= Heinrich Gutermuth =

German trade union leader

Heinrich Gutermuth (18 June 1898 - 28 June 1977) was a German trade union leader.

Born in Ilbeshausen (near Grebenhain), Gutermuth completed an apprenticeship as a blacksmith, then served in World War I. After the war, he found work as a mechanic at a coal mine in Recklinghausen. He joined the Union of Christian Miners, and from 1926 worked full-time as a union official.

The union was dissolved by the Nazis in 1933, and Gutermuth found himself unemployed, but obtained work at the Bielefelder linen factory. He was conscripted in 1939, and late in World War II was captured by Soviet troops.
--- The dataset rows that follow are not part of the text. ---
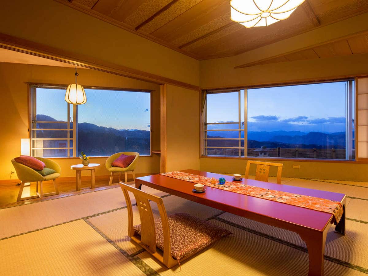 最上級の客室「貴賓室」のリビング、ベッドルーム、お風呂を映します。広さ206㎡の客室では、広いリビング、天望風呂、開放的なベッドルームで非日常を味わっていただけます。
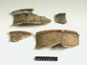 Frammenti di orlo e collo probabilmente pertinenti a uno stesso recipiente decorato a stampiglia.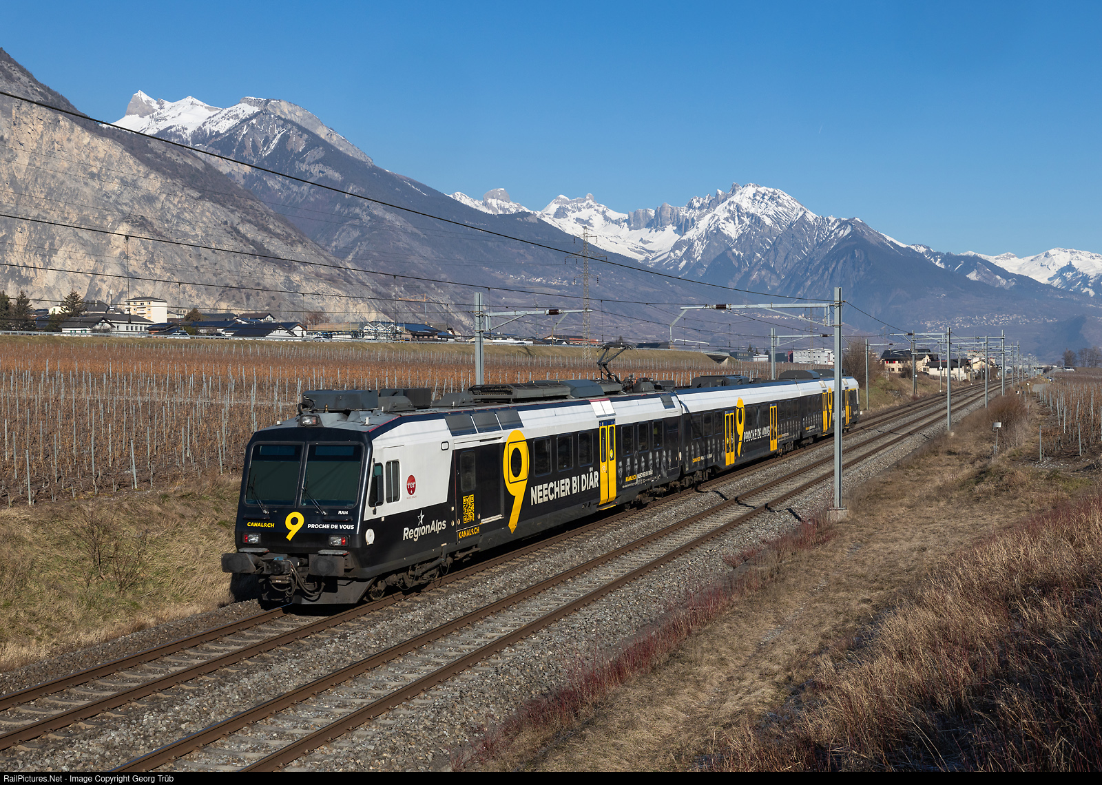 Domino push-pull train of RegionAlps, with railcar RBDe 560 # 414, is running the regional train 6217 of the line R91 from Monthey via St-Maurice-Martigny-Sion-Visp to Brig, between Riddes and Cahmoson-St-Pierre-de-Clages. The train has a publicity paint scheme for broadcast "Canal9 / PROCHE DE VOUS".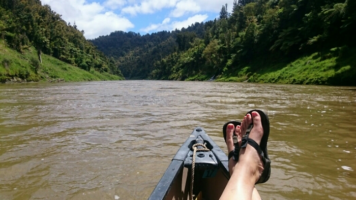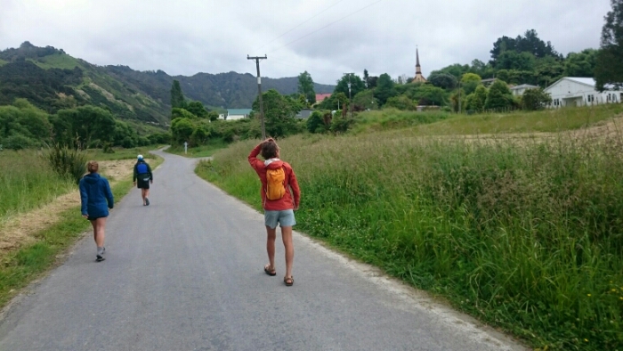 We go explore a sidearm which is so narrow and beautiful before Alex and Michaela catch up on us. Soon we are already in Pipiriki where we have lunch followed by a coffee in a small shop. We wave goodbye to Alex and Michaela, who as all others are handing back their boats here. It’s just the TA hikers who get to continue to Whanganui by boat. Next stop is in Jerusalem where we visit the church and the (empty) convent.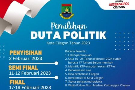 Badan Kesbangpol Kota Cilegon membuka pendaftaran Duta Politik Kota Cilegon Tahun 2023 dari tanggal 20 Desember 2022 sampai dengan 25 Januari 2023 melalui website http://kesbang.cilegon.go.id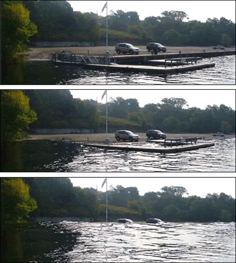This series of visualizations shows simulated views of Rhode Island’s State Pier in Pawtucket at high tide, at high tide plus three feet of sea level rise, and at spring tide plus three feet of sea level rise. Images courtesy of Rhode Island Sea Grant.
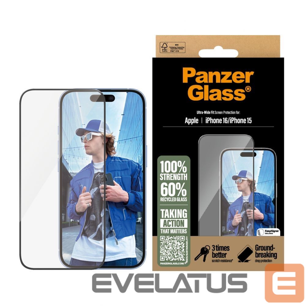 Back panel cover PanzerGlass Screen Protector iPhone 16 / iPhone 15 | Ultra-Wide Fit |

After the war, Gutermuth was a founder member of IG Bergbau, a new miners' union, working as its secretary until 1953. He was then elected as the union's president, but renounced the position in favour of Heinrich Imig. He instead served as vice-president of the union, finally becoming president in 1964. Under his leadership, the union began representing other energy workers, and changed its name to "IG Bergbau und Energie". In 1963, he was elected as president of the Miners' International Federation (MIF). He retired from domestic trade unionism in 1964, but remained active with the MIF for a few more years.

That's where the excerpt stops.